Putin to discuss Chechen gay rights with top law enforcers
Vladimir Putin will discuss the rights of gay men in the North Caucasus with the prosecutor general and interior minister, following recent reports of alleged detentions and killings of homosexuals in the Muslim Russian republic of Chechnya.
President Putin gave the assurance during a meeting with Russian Commissioner for Human Rights Tatyana Moskalkova on Friday.
The human rights ombudswoman informed the president that she had filed requests with the Prosecutor's Office and investigative bodies to look into the situation.
Moskalkova asked Putin to order the formation of an interdepartmental task force "to accept public appeals (of mistreatment), if there are any," outside the Chechen Republic.

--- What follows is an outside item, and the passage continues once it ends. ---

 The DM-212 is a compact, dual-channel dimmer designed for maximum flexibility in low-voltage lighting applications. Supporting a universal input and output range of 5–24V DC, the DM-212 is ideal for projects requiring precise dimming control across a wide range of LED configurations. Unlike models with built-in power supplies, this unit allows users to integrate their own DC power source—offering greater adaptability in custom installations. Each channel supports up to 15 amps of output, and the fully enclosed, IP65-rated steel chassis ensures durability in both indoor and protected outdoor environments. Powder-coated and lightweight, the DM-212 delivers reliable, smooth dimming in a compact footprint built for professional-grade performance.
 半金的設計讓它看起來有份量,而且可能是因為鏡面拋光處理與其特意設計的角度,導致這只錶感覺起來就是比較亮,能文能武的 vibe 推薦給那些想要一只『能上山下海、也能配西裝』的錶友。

Currently, inquiries into reports are hampered by the reluctance of alleged victims to identify themselves, Moskalkova said.
“If they are more eager to identify themselves, we’ll be able to protect them and restore their rights,” she said.

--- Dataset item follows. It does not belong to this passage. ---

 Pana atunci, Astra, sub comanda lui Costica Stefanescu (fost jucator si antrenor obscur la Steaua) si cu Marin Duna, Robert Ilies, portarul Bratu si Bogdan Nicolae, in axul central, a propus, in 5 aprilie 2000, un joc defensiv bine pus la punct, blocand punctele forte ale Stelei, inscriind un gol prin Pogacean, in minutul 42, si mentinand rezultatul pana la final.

The ombudswoman assured the president that Russia has the right mechanisms, including witness protection programs, to safeguard the identity and wellbeing of any alleged victims.

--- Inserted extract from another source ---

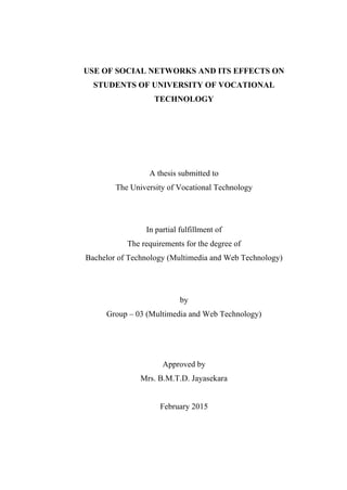 This thesis explores the impact of social networking sites on students at the University of Vocational Technology. A survey of 50 students revealed that while social media usage is prevalent among this demographic, a significant number perceive its effects to be negative on academic performance, particularly among younger users. The study highlights the importance of understanding social media's implications for student engagement and communication in educational contexts.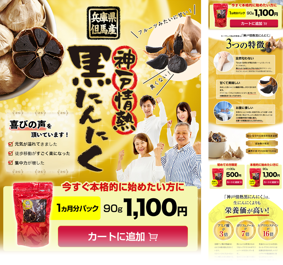 兵庫県の但馬産の黒にんにくをブランディングした健康食品黒にんにくのLP。にんにくの持つパワーと同時に安心安全の国産素材であることを盛り込んだ。 ※デザインのみ納品のため、ローンチ時期は不明。

In response, Putin told Moskalkova: "I will certainly talk with the prosecutor general (Yury Chaika) and interior minister (Vladimir Kolokoltsev), so that they will support you on the issue you raised regarding the news or rumors about what’s happening with sexual minorities in the North Caucasus.”
Chechnya’s leader, Ramzan Kadyrov, said later on Friday that the republic’s authorities and law enforcement agencies were eager to assist Moskalkova, the Prosecutor’s Office, and the Interior Ministry in their inquiry “into alleged persecution of sexual minorities.”
Kadyrov again dismissed claims in the report, saying that “the very phenomenon of homosexuality is nonexistent in Chechnya. For millennia, the people here lived in accordance to other rules that are prescribed by God and dictated by the norms of moral and ethics in relations between people.”
In early April, Russia’s Novaya Gazeta reported mass detentions, torture and even murder of people suspected of being gay in Chechnya.
Moskalkova questioned the report, however, saying at the time: “I have suspicions that it’s a provocation and false denunciations.”
“What’s happening: are the people really hurt or somebody is trying to speculate on this?” she said, promising to look into the issue.
In mid-April, Chechen Republic head Ramzan Kadyrov dismissed the Novaya Gazeta report in a conversation with President Putin, calling it a provocation against the region.
According to Kadyrov, the person who the paper claimed had been killed due to his sexual orientation was actually “safe and sound” at his home in Chechnya.